Smart Talk with Kids Ages 5-18
Written by: Susie Scanapieco
Last week, I wrote about how important it is for children to be spoken to with accurate vocabulary,
from birth through to kindergarten, prior to any formal education.
Obviously, we shouldn’t stop there. Kids of all ages love to talk to adults, if we open up the conversation.
Initiate conversations about sports, animals, politics
(yes, even the youngest children have an opinion about politics),
music, the environment or money.
Here are some of my favorite conversation starters.
You’ll be amazed at how much insight children have.
These conversations will create links to their academic learning in the classroom.
Those links or connections are necessary for brains to absorb and retain knowledge.
These conversations may span days or weeks even. Consider the knowledge they are gaining from these talks: world issues, names of people with global importance, realistic data, opinions, ideologies, content vocabulary.
They are capable of learning things by memory and also by application – consider a five year-old’s ability to memorize site words and to also learn how to sound out new words.
Are we taking advantage of that as parents, educators and a society as a whole?
Are we giving credit to these children and their natural abilities?
Or are we waiting too long to challenge them with real-life concepts because we think they are too young?
After 9 years old, research shows a decrease in this brain activity.
Think about the Middle School children you know.
Most of them entered MS at around 10 years old (5th grade).
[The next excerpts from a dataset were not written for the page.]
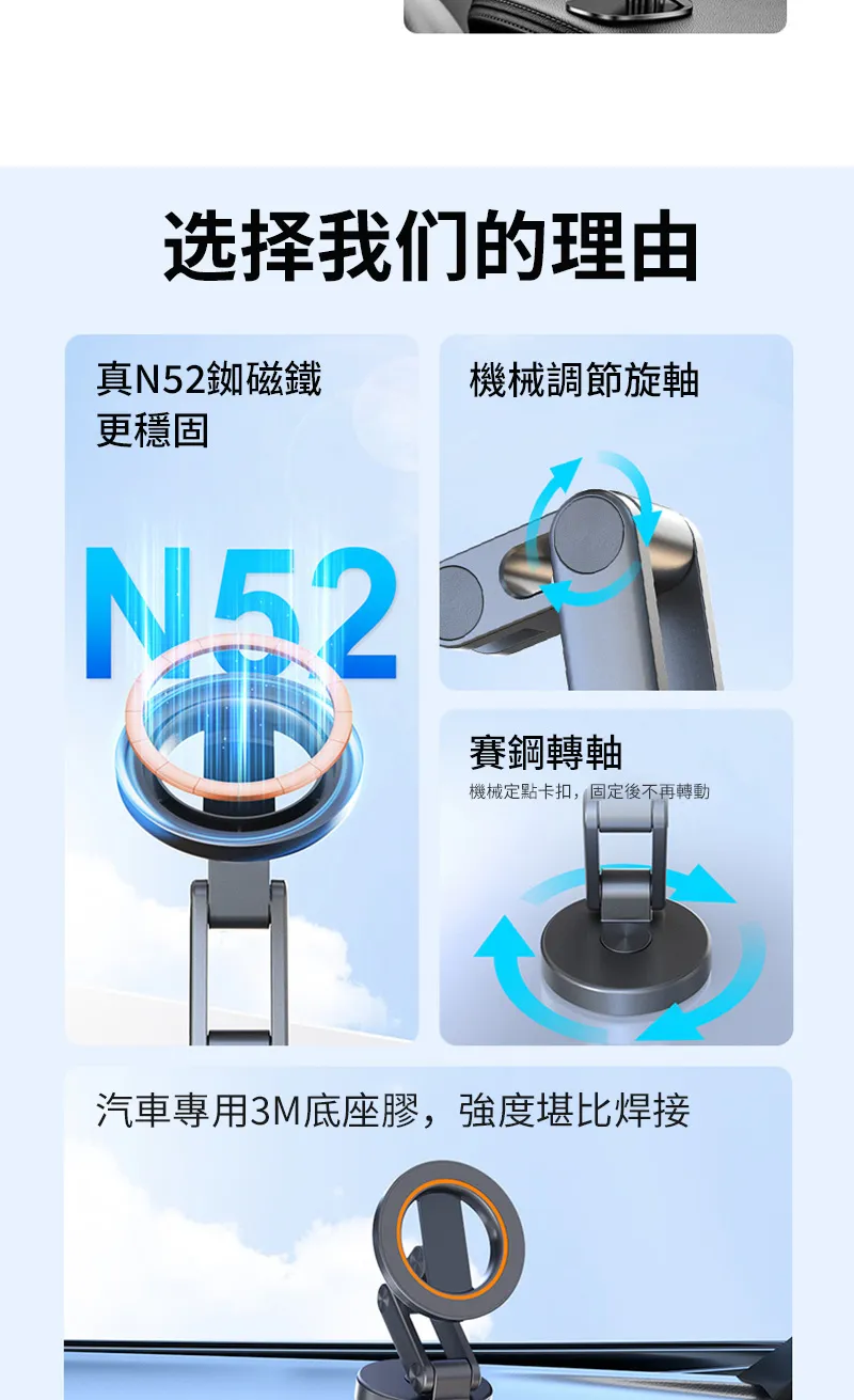 选择我们的理由真N52銣磁鐵機械調節旋軸更穩固N52賽鋼轉軸機械定點卡扣,固定後不再轉動汽車專用3M底座膠,強度堪比焊接
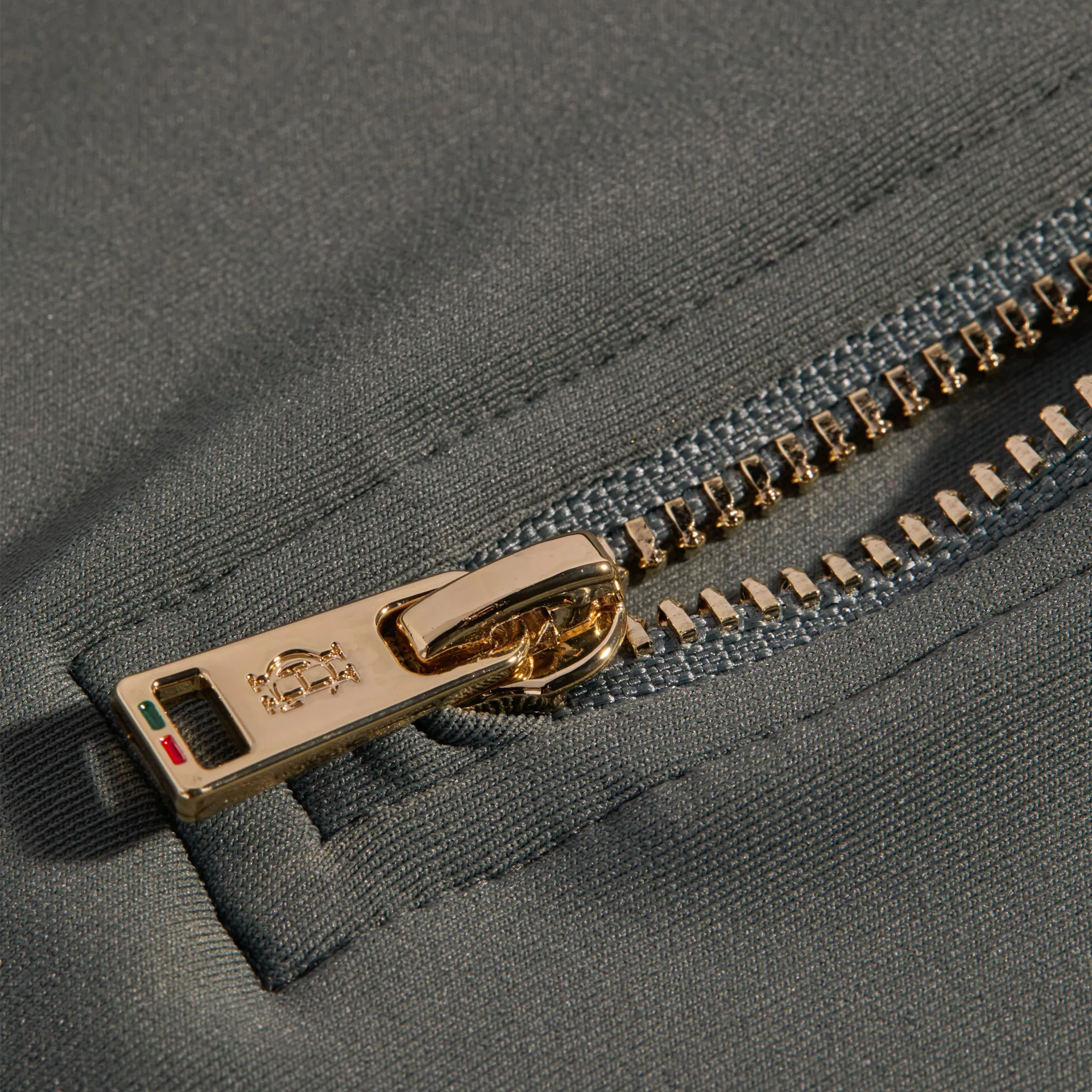 • Monogrammed gold zip puller
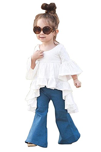-. Feature : Material: Cotton Blend + Denim / Occasion: Dressy, Everyday, Holiday / Season: SP.R.Ing, Fall,summer / Best gift for your girls,Perfect for daily wear,Christmas gift or taking photos / Package include:1*Girls White Ruffle Dress Top+1* Cute Jean Pants

Had they been given enough background knowledge during their ‘peak’ to thrive in their new setting?
Are they aware of the world around them?
Many children fall apart in middle school; some academically, some emotionally, some socially.
We blame it on hormones, change of school and pre-teen attitudes but perhaps it’s because they are not grounded with enough foundational information and processes to tackle Middle School concepts and expectations with confidence.
Let’s remember to provide young children with these essential tools.
For those who may not have done this before middle school, help them by starting the conversations now.
It’s never too late. Their cognitive function might be slowing down but that doesn’t mean it isn’t active.